As I begin this module, my experience with data journalism is extremely basic. I’ve often used data within reports to find interesting facts and stories, but I’ve yet to delve much deeper into the possibilities than that.
I did attempt to be proactive over the summer and tried something a little more complex. I spent eight weeks employed at my local paper, the Maidenhead Advertiser, and on my own initiative I began a small data project.
My idea was to use an FOI to get Thames Valley Police data on road accidents across Windsor and Maidenhead, and then to find a way to map this and find the most dangerous roads in the area. I asked for all accidents from the past three years, broken down to show the time and date it was reported, the road it happened on, how severe the injuries were and the types of vehicles involved.
When I (finally) received the data though, it all came in horrendous PDFs, with vehicle types coded by numbers and the road information format very confusing and often inconsistent.

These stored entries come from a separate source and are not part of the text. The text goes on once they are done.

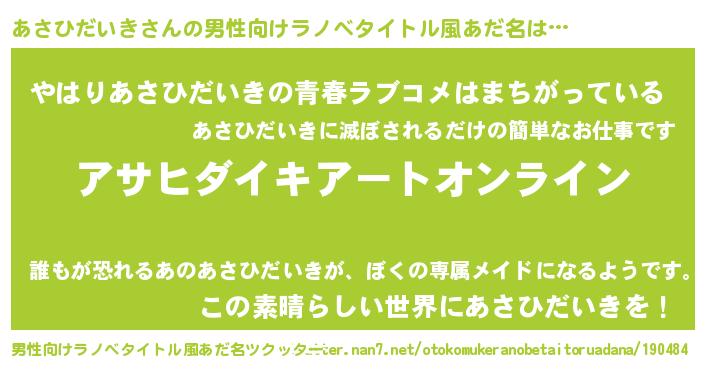 | 胡散臭い通販商品みたいなあだ名 | 『モテモテ間違いなし霊験あらたかなお札…その名も「あさひだいき」』 |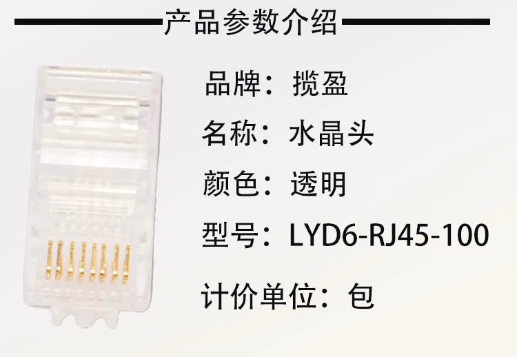 • 商品名称:揽盈 LYD6-RJ45-100 六类 水晶头 100个/包 (计价单位:包) 透明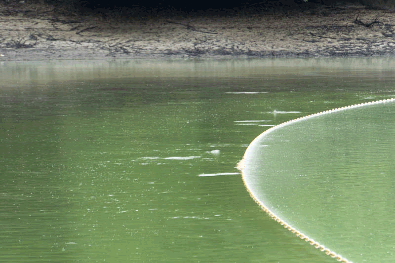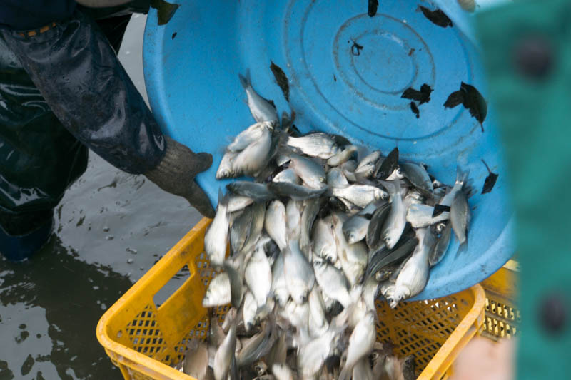 網の横では謎の水の動きが。魚が網を抜けたりしているんでしょうか。

I spent a long time working out how to even get this data into an Excel file, then spent an enormous amount of time individually changing each entry’s time and vehicle information to make it usable. The lesson here, of course, is that my Excel skills need work, as I’m sure there must have been an easier way.

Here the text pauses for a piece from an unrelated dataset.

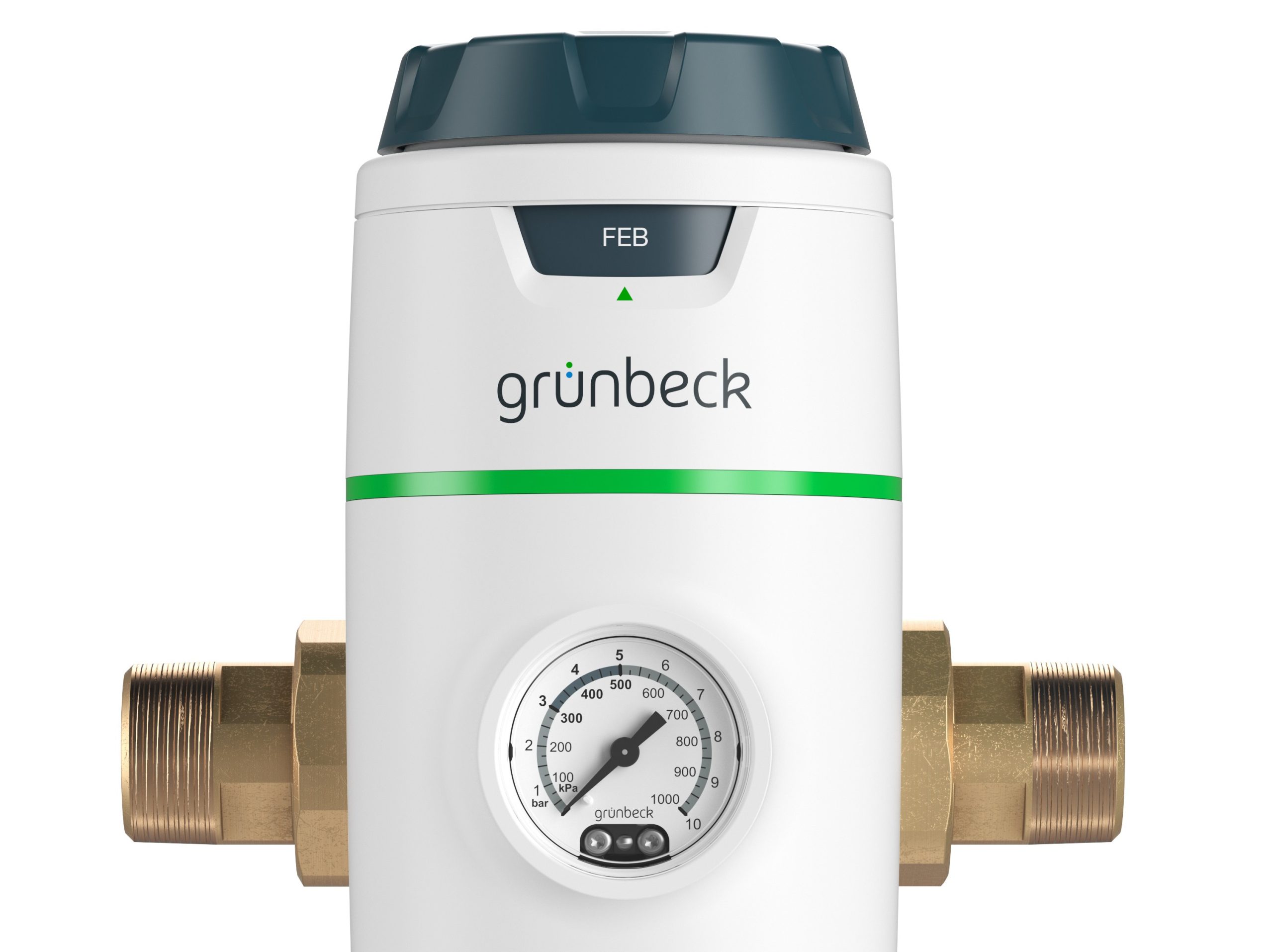 Das kompakte, schlanke Filtergehäuse zeigt sich entsprechend der aktuellen Grünbeck-Designphilosophie in einer zeitlosen, sanft organischen Form. Das Filterelement verbirgt sich hinter einer geschlossenen Gehäuseoberfläche und ist damit vor UV-Licht geschützt. Über ein schmales Sichtfenster lässt sich der Zustand des Filtergewebes optisch beurteilen. Zur Auswahl steht die pureliQ-Filterbaureihe in den Dimensionen DN 20 bis DN 32 als Wechselfilter und Rückspülfilter sowie jeweils auch in Kombination mit einem integrierten Druckminderer.

I finally got to a point where I felt ready to upload my spreadsheet to Google and get it to appear on a map. I used Google Fusion Tables but, of course, it was unable to make sense of the location information, so I ended up manually adding geocodes to each entry individually.
My time at the Advertiser had long since passed by this point, and finding and adding each geocode individually proved so time consuming that I’ve yet to finish.
The map as it is can be found here. Please keep in mind that most of the points are not mapped correctly, so do not use it as if it were accurate.
I’m sure that there are many techniques I could, and should, have used along the way to make this a far less painful experience. By the end of the year I’d love to be able to look back at this and say exactly what I should have done.